For the entire length — and depth — of this novel of some 40,000 words, you inhabit a single consciousness which flits between memory, perception and reflection. But you do not feel confined, perhaps because you oscillate between soliloquy and dramatic monologue (in which you are the interlocutor). You become a co-traveller and endure the pain of being set free. When you awake from the novel, you are calmer, less anxious to focus. Replenished.

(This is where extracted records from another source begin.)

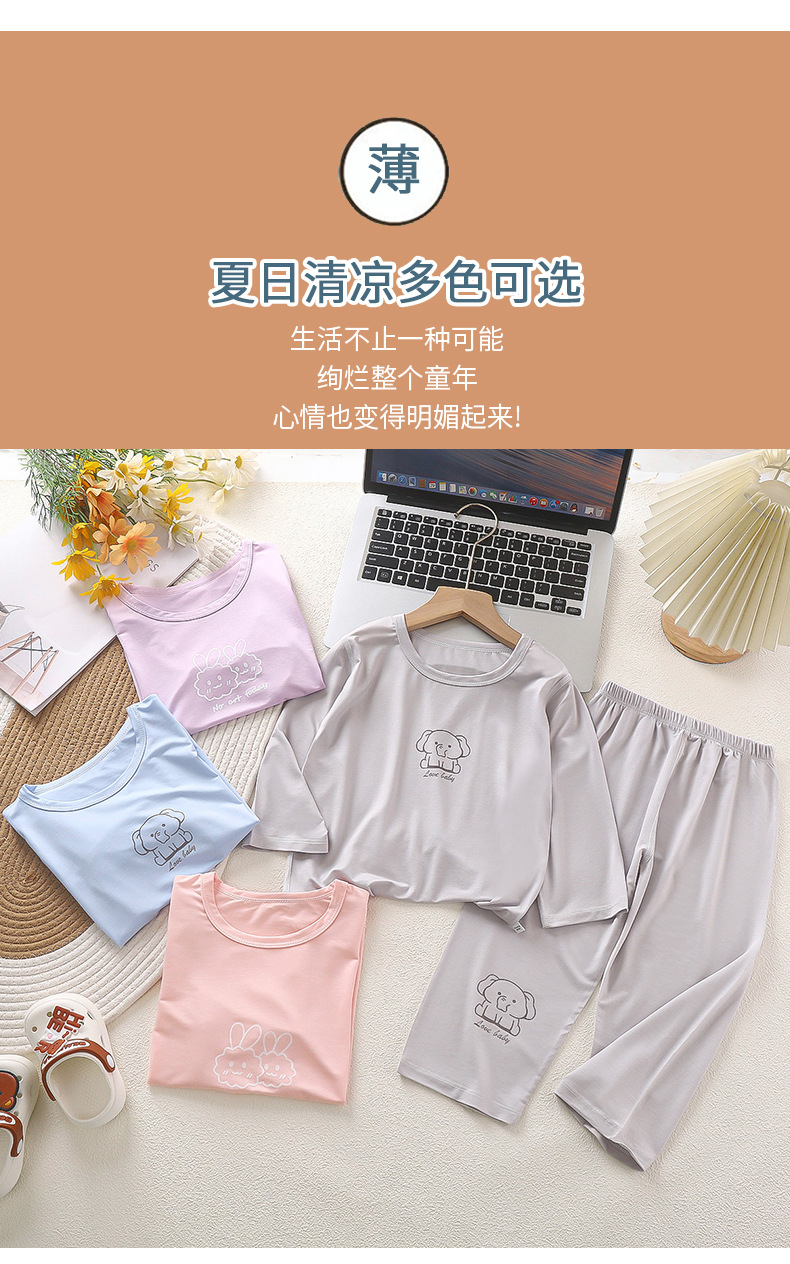 공장 직접 판매 새로운 Tencel 어린이 봄 세트 얇은 소년 수업 아기 잠옷 소녀 속옷 집
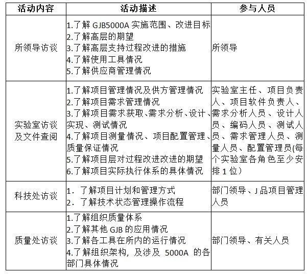 由于调研活动是深入了解我所软件开发及管理过程的一个重要切入点,是后续GJB5000A认证工作的基础,将为制定下一步过程改进实施计划起重要的导引作用,所以请各有关部门高度重视,安排好人员,准备好相关文件,按计划的时间、地点参加访谈活动。
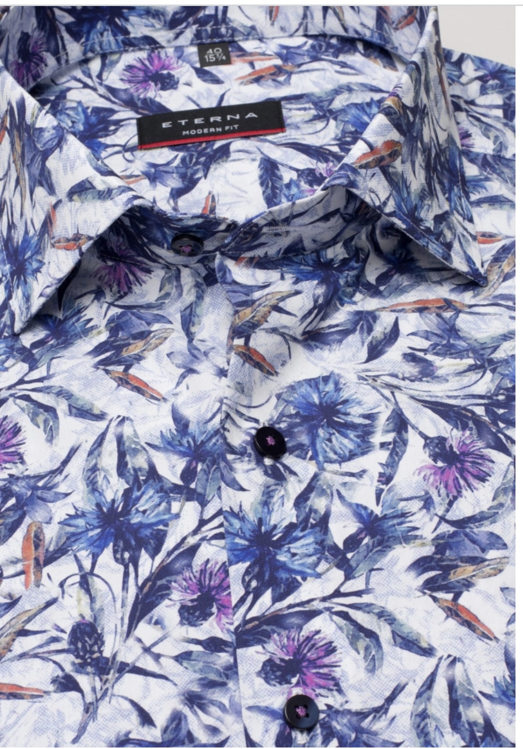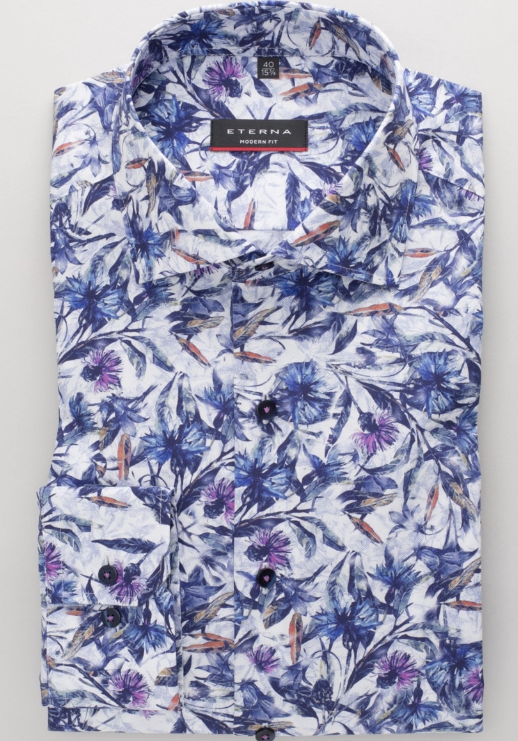 Главная » Товары » Мужские рубашки » Рубашки с длинным рукавом » Мужская рубашка прямого кроя (Modern Fit) белая принт синие цветы с длинным рукавом
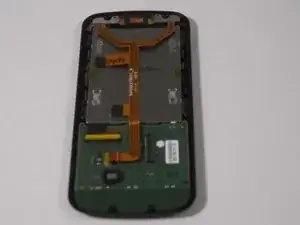 Отогните жёлтую ленту на стороне экрана пинцетом или ногтями. Поднимите экран и плату.
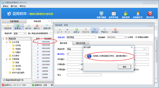 亞拓軟件自主研發的亞拓管理軟件、紅管家送貨單軟件、紅管家倉庫管理軟件等都支持新增商品信息,為了避免增加的商品信息出現重復,軟件支持參數設置商品編碼不可重復。 以紅管家送貨單軟件為例,在系統管理—》系統參數配置—》業務參數內將“數據可否重復參數”中的“商品編碼可重復”參數的勾選取消,然后保存設置。如下圖所示: 設置完成后,打開功能導航窗的“基礎資料”—》“商品信息”,新增一個商品,輸入和之前已增加過的商品一樣的編碼,保存時系統會提示“當前輸入的商品編碼已存在,請檢查后重試!”,如下圖所示
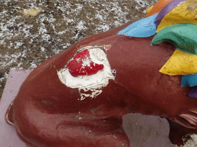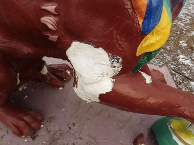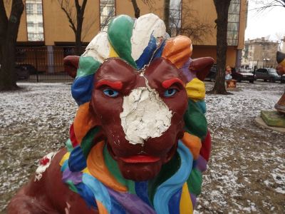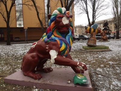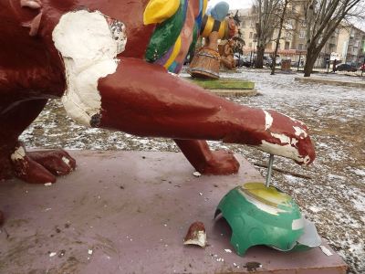 В Луганске в очередной раз произошел «капитальный разгром» скульптуры «Писанковый лев», который великодушно подарили луганчанам львовские городские власти, передает корреспондент Cxid.info.

Her crisis is articulated in the constricting vocabulary she repeatedly uses as a handle on her condition. Focus, defeat, depletion. Her mind bounces between these words as her body suffers the sun’s drying lick and she chases an elusive catharsis. She has to resolve her relationship with her parents. The father, dead, continues to rule her life, even popping up between her lover and her. The mother, old and frail but not senile, dispenses the wisdom she sorely needs. But this mother had wounded her tender confidence as a child. Anyway, she can forgive her, but the father?
A turning point is her encounter with a headless cadaver. The fresh blood frightens and repels her but it also reminds her of the delicious red fig. A duality is uncannily resolved. Later, she sees her double and understands that she can be she and also another.
The book begins on a street and ends on a train, begins with a death remembered and ends with a departure of which not even ‘the crumbs’ remain. The whereabouts are nowhere except in moving. One never is in a place. One only moves through it.